Era un personaje que, pese a provenir de la clase alta, no dudaba
un instante en arremangarse y trabajar codo a codo con los más
pobres. Inés de Ragni, integrante de Madres de Plaza de Mayo,
afirma que “fue un hombre de una sensibilidad especial, un sacerdote
que trascendió los límites del Evangelio y con eso marcó
a toda la sociedad”. Esta vocación de servicio lo llevó
a ir más allá de todos los límites. Como bien
dice Oscar, “en la época de la dictadura se le plantó
a los leones. De hecho, él fue el escudo protector que tuvimos
en la zona, porque los militares tenían órdenes de no
tocar al obispo. Una vez le avisaron que se habían llevado
a un cura, y ahí nomás se fue, a las doce y pico de
la noche, a patearles la puerta del Distrito. Y esto no es una manera
de decir, eh: en esa época en la que casi nadie se animaba
siquiera a hablar, él iba y les pateaba la puerta”.
De Nevares fue miembro fundador de la Asamblea Permanente por los
Derechos Humanos (APDH), y también lo eligieron para representar
a Neuquén en la Convención Nacional Constituyente para
la reforma de la Carta Magna, en 1994. Sin embargo, renunció
a este cargo cuando supo que la reforma no se trataría en detalle:
en el Pacto de Olivos, los ex presidentes Alfonsín y Menem
acordaron el ya famoso “Núcleo de coincidencias básicas”,
un paquete que no se trataría artículo por artículo
y que fue el que permitió, entre otras cosas, la reelección
del riojano.
Más allá de la vocación de lucha del “monse”,
“siempre le gustó estar cerca de la gente, y soñaba
con una Iglesia que también lo estuviera”, evoca Capitanio.

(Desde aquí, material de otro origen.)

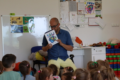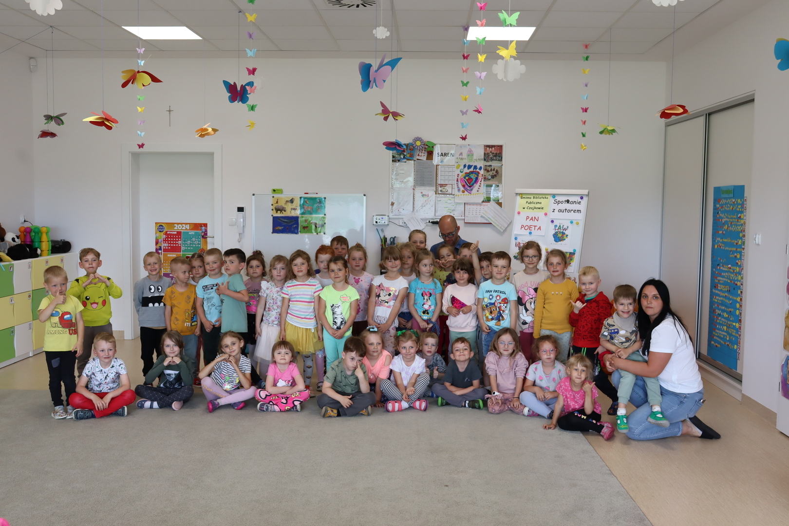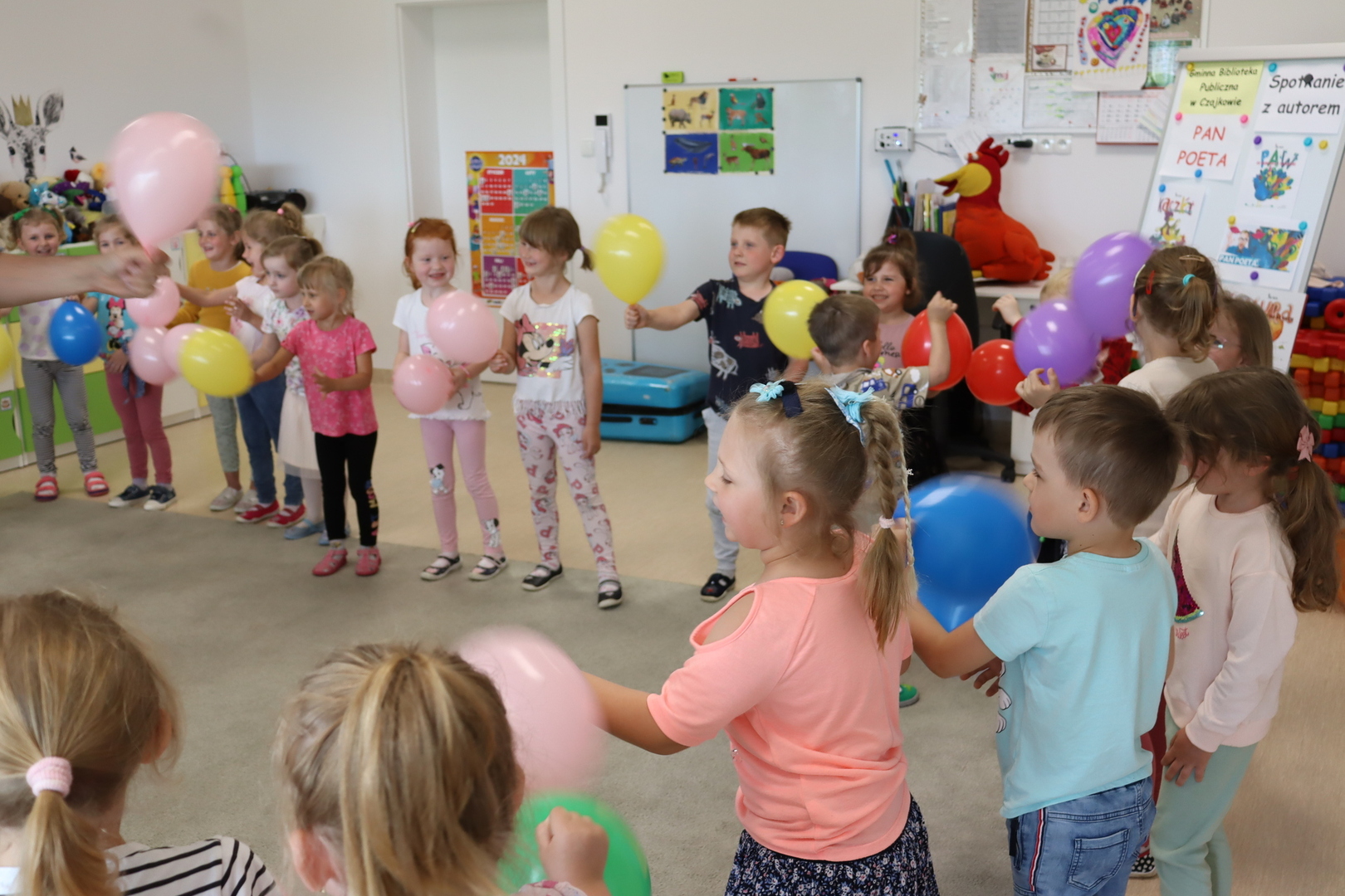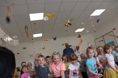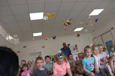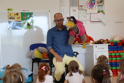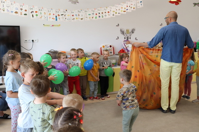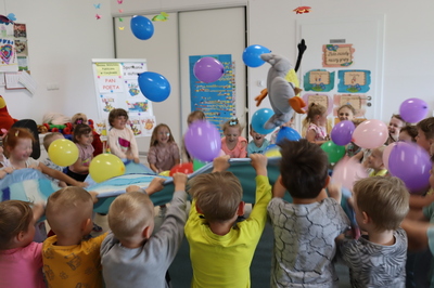 Nasze przedszkole odwiedził Pan Poeta, autor bajek dla dzieci z morałem. Pan Poeta zadebiutował książką „Kura, co tyła na diecie”. Przedszkolaki miały przyjemność przenieść się w zaczarowany świat wspaniałych ptaków i ich zwariowanych przygód. Podróż ta była niezwykła... Towarzyszyły jej wspaniale zabawy i rozmowy. Pan Poeta Show to warsztaty dla dzieci z Panem Poetą, które angażują, bawią i zachęcają do czytania najmłodszych. Krótkie bajki do czytania autorstwa pana Michała są pretekstem do wciągnięcia dzieci w wir zabaw, przebieranek, kolorowych balonów i niezliczonych uśmiechów.

“Más que una Iglesia encerrada en grandes templos realizando
ceremonias pomposas, él apuntaba a salir a celebrar la fe con
los pobres.” Así fue que se negó a terminar la
entonces inconclusa catedral neuquina “hasta que no se hubiera
acabado con el hambre” en la región.
Muchas de las fotos de Don Jaime lo muestran prendido al mate. Era
más que una bebida: era un símbolo. “Cuando él
te mandaba a los barrios, no te decía andá a trabajar
a tal lugar. Lo que te decía andá a tomar mate con esta
gente. El sabía todo lo que significa el mate, que a diferencia
del té no te lleva cinco minutos sino que implica disponer
de tiempo para compartir. Al rato de estar tomando mate con la gente,
ellos solos empezaban a contarte sus cosas”, continúa
el cura de Centenario. “Fue un hombre muy preocupado por la
realidad que vivía la sociedad, y no sólo desde la perspectiva
religiosa. El no sentía como ajena ninguna necesidad humana.
Esa solidaridad, esa mirada comunitaria, parecen muy raras hoy en
día. Por eso ha sido reconocido en todos los sectores de la
sociedad.”
Desde su investidura no buscó siervos para la Iglesia, sino
que puso ésta al servicio de la gente. “Los que hemos
visto la evolución de la Iglesia neuquina vemos un cambio notable.
Desde la ostentación, se fue para arriba: tiene una catedral
que ve desde lejos, con una gran torre y muchas cosas bonitas adentro”,
opina Oscar. “Lo cual estaría muy bien, si no fuera porque
desde lo espiritual, como institución que trabaja para la gente,
ha caído mucho. Es decir: la Iglesia no es una institución
de beneficencia, pero debe poner sus bienes a disposición de
la comunidad.” Así lo entendió Don Jaime al crear
el Club del Soldado. Inés cuenta que “los conscriptos
que salían de franco los fines de semana muchas veces no tenían
dónde quedarse, y a veces él llegaba el domingo a dar
misa y se encontraba con alguno durmiendo en la puerta de la iglesia.
Entonces decidió crear en la casa parroquial un lugar en el
que esos chicos podían pasar el fin de semana. Hasta poco antes
de su muerte seguían visitándolo hombres que habían
hecho la conscripción en Neuquén y había pasado
por el Club del Soldado, para saludarlo y agradecerle”.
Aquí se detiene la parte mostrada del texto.